Transitions Kimberly Ingram

Hi! I’m Kimberly Ingram, the very proud mum to a noodle loving, cycling and skateboarding enthusiast 12 yo with a fair bit of challenges.  He was part of the Cycleabilities pilot program when it first started.    I’ll be writing a monthly blog with the aim of it being ready by the first Sunday of the month.  

A glimmer of recognition shone in a mum’s eye.  “You get it.” she said, with a relieved sigh.  It was as if a balloon blown up tight just lost a little air, deflated a bit.  I had just asked the mother of a six year old with anxiety, “ How’s your son with transitions?”  I can feel a number of you parents and carers reading this,  agreeing in a communal nod. Ah, transitions.  The point at which a perfectly lovely time is brought to a screaming halt by, well, screaming for one.  My child had perfected a catfight screech at age 3 that to this day makes me shudder at the memory.
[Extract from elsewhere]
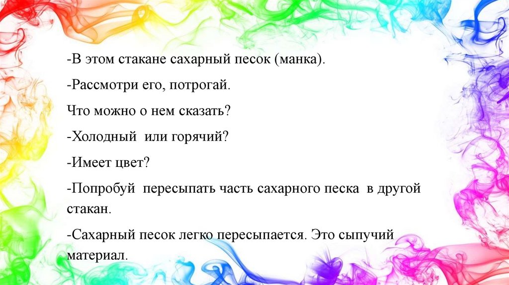-В этом стакане сахарный песок (манка).-Рассмотри его, потрогай.

What is it about transitions that are hard for all children at some point?  It is the change, the uncertainty. Lucy Jane Miller, Ph.D, OTR writes in her fantastic book, “SENSATIONAL KIDS Hope and Help for Children with Sensory Processing Disorder (SPD) that many children with SPD have troubles with transitions, and specifically that children with Sensory over-responsivity “create a comfort zone in an overstimulating world by avoiding change, which always holds the potential of leading to some new insult.”  Or it could be that a new situation means potential new expectations and rules that are unknown.  Or it could be the child’s feeling of safety is shaken.  Or it could be the child doesn’t follow what is happening.  There are a lot of  “ors” because there are a lot of reasons.  I remember as an early mum driving myself a bit bonkers trying to discern the reason to make socializing easier for my son.  Once, while juggling drinks, popcorn and cake pops for 4 kids, cold fear resided in my heart. I was anxious, fearing  the other kids’ response if they heard the catfight call.  
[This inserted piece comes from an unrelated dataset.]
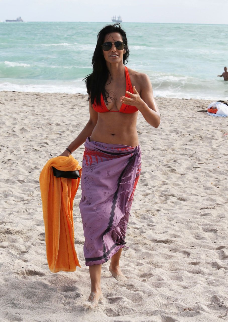 Padma Lakshmi a été vue en bikini orange profitant d’une journée à la plage à Miami, le 12/08/2013. Bien sûr, toutes les femmes indiennes ne correspondent pas à l’idéal de beauté, mais Padma Lakshmi est l’une des femmes les plus sexy. Malgré son âge, elle est tout simplement magnifique, et le bikini met parfaitement en valeur sa silhouette.

The good news is the strategies to help with transitions are the same no matter the reason.  At home, predictability can be created. Predictability brings about safety, the comfort of known expectations with consistency being the golden rule.  Routines,  visual schedules, a schedule written on a whiteboard, or giving cues for changes or transitions (Miller 2014) all work well.  The key is to explain what is happening next in clear, structured language.  Some examples of cues that were used often with sign language when my boy was young:

-TV off.  Brush teeth.  

-Teeth finished. Wash face.

-Face finished. Pj’s on.

Now, after MANY days of practice, practice and, that’s right, you guessed it, more practice, I just say “ time to get ready for bed.”   Now we have a routine that is more independent.  On good days, a parental check in to keep him on time, on difficult days, a hug, more check ins and encouragement is needed.  On all days, the predictable expectation is that his self-care will be accomplished.  And it is. 

Another strategy we used when my young son’s world was filled with all unknowns is what is called a transitional object, a comfort object, or security blanket. It is an item used to provide psychological comfort, especially in unusual or unique situations (Wikipedia).  
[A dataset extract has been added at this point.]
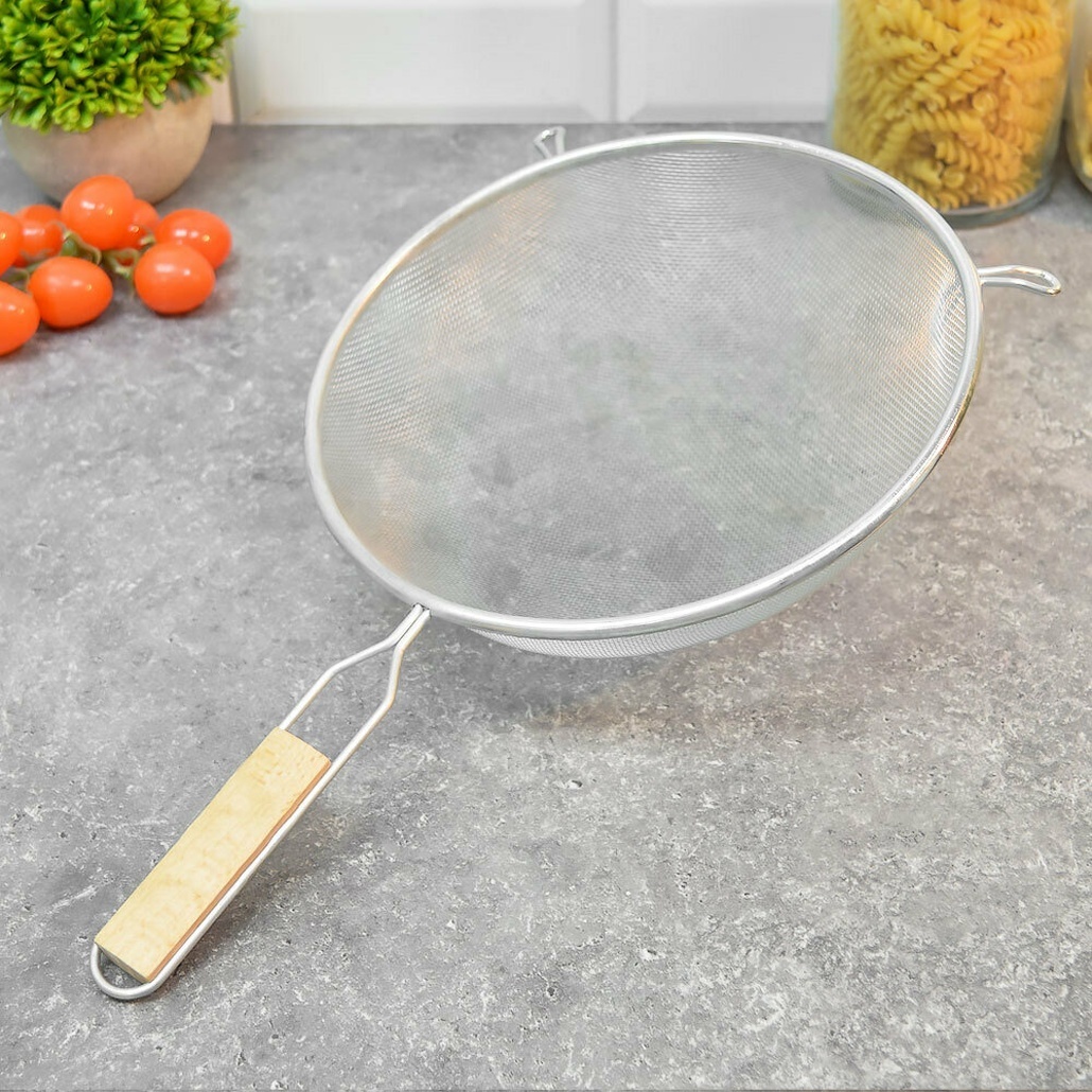 Деревянная ручка обеспечивает комфортный хват и не нагревается во время использования. Металлическая сетка плотного плетения эффективно задерживает даже мелкие частицы, а диаметр 220 мм подходит для большинства кастрюль и мисок.

In our house, it was a tractor.  Being in the car was a pretty scary time for him, much less the transition of traveling to a new place. I kept the tractor in a drawer near the front door.  Whenever we went in the car, the last thing he would get before we walked out the door was the tractor and he would hold it while we were driving.  The tractor stayed in the car while we were out living that toddler lifestyle (jelly cups-woot woot! ) His face would beam when he saw the tractor on his car seat, then back in the drawer it would go.  The object has changed over the years, but the underlying principles were the same.   

During holidays for us, routines can get a bit frantic.  Then I realize I have forgotten to tell him that a friend is dropping by, or that dinner is a picnic in the park.  Going back to the basics of explaining what is happening next in clear, structured language restores predictability and makes transitions much smoother. 

By the way, my son did perform an outstanding catfight screech the day of the popcorn and cake pops. The other kids initially froze, then one asked, “ Why did he do that?” I replied, “He’s learning, and it’s a bit scary when things change. He needs more practice at it.” The kids got it, and chatted happily, little fists full of treats.  My balloon that was blown too tightly also deflated a bit as I sighed in relief.  Ah, transitions.

Kimberly Ingram is a former scientist who has worked in a variety of fields, from biochemical engineering to a summer internship in bacteriology.  She has been disabled and severely neurologically compromised for 40+ years.  Being skilled at turning complex theory into practical tools, her comprehension of how to overcome challenges is extensive.